Yeosang pura-pura tidak mendengar, namun dalam hati ia merenungi perkataan Wooyoung barusan.

*****

Meskipun Wooyoung berkata bahwa Yeosang tidak perlu memberi Mingi barang, tetapi Yeosang tidak bisa pulang ke rumah dengan tangan kosong. Maka ia membeli sekotak cokelat dengan berbagai bentuk yang lucu dan terdapat pita kecil di atasnya. Memang tidak mahal dan bukan barang mewah, namun manis. Yeosang yakin Mingi akan menyukainya.

Mingi tetap menyambutnya seperti biasa ketika Yeosang berdiri di ambang pintu, wajahnya ceria dan menggemaskan, walau begitu Yeosang dapat menangkap gurat kecewa pada sorot matanya.

Mereka makan malam dan mengobrol seadanya, Mingi juga sempat bertanya kenapa Yeosang tidak pulang semalam dan Yeosang mengatakan yang sejujurnya, tentang pekerjaan dan dirinya yang kacau.

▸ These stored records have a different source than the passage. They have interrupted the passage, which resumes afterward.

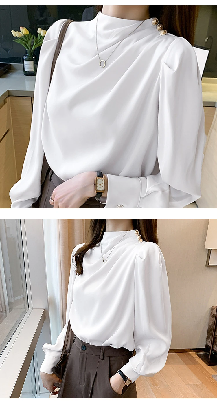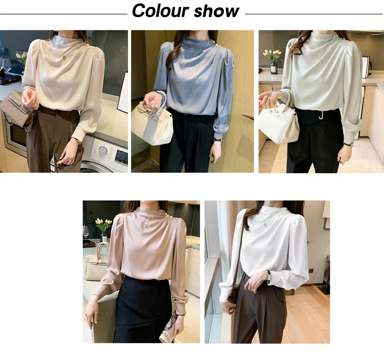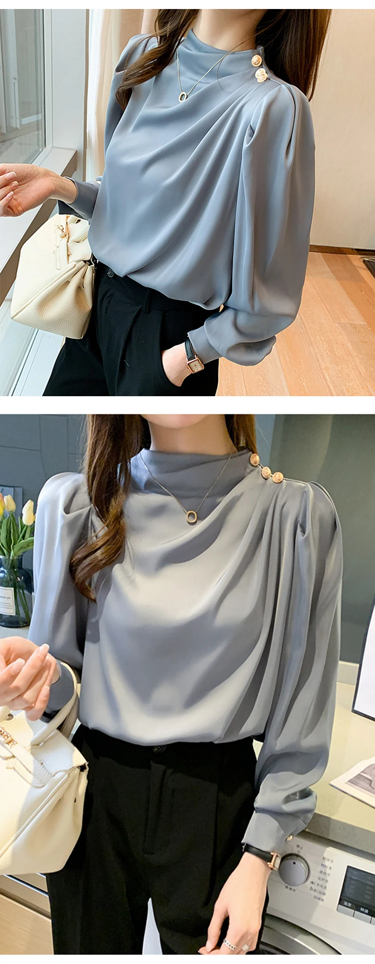 Color: SKY BLUE, Size: XL, Ships From: CHINA - Spring Autumn Elegant Office Women Shirt Mujer Chic Satin Formal Lantern Sleeve Blouse Tops Loose Pullover Jumper Street Clothes
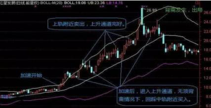 4、对于上面说的这三种刚进入加速后的股票,尖顶回落中轨,通常都是买入机会,之后至少会有一次上攻,上攻的力度较强,能够再次攻击山鬼,就构成上升通道,回落中轨都可以再次买;力度弱,构成了背离,这时候就要出局了。这是在上升通道做强势股的方法:
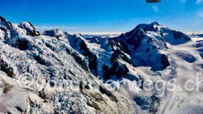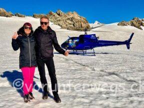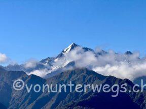 Am nächsten Tag stand ein weiteres Highlight unserer Südinsel Reise auf dem Programm und wie vorher gesagt, bei strahlendem Sonnenschein. Es ging hoch hinaus mit einem Helikopter, wo dieses Mal den Fox-, sowie den Franz Josefgletscher in seiner vollen Pracht zu Gesicht bekamen und als i-Tüpfelchen, sahen wir diesmal den Mount Cook/Aoraki in voller Pracht.

"Apakah kau sudah baik-baik saja sekarang?"

Yeosang mengangguk.

Makan malam berakhir dan Mingi masuk ke dalam kamar, meninggalkan Yeosang yang masih terdiam di meja makan. Entah apa yang ingin Mingi lakukan tapi ia tampak terburu-buru dan Yeosang menggerutu dalam hati karena ia belum sempat meminta maaf.

Secepat kilat, Yeosang meraih kotak cokelat yang ia simpan sejak tadi dan pergi ke kamar mereka. Ia mendapati Mingi sedang duduk memunggunginya di tepi ranjang dan Yeosang mengatur napas beberapa kali sebelum mengucapkan permintaan maafnya.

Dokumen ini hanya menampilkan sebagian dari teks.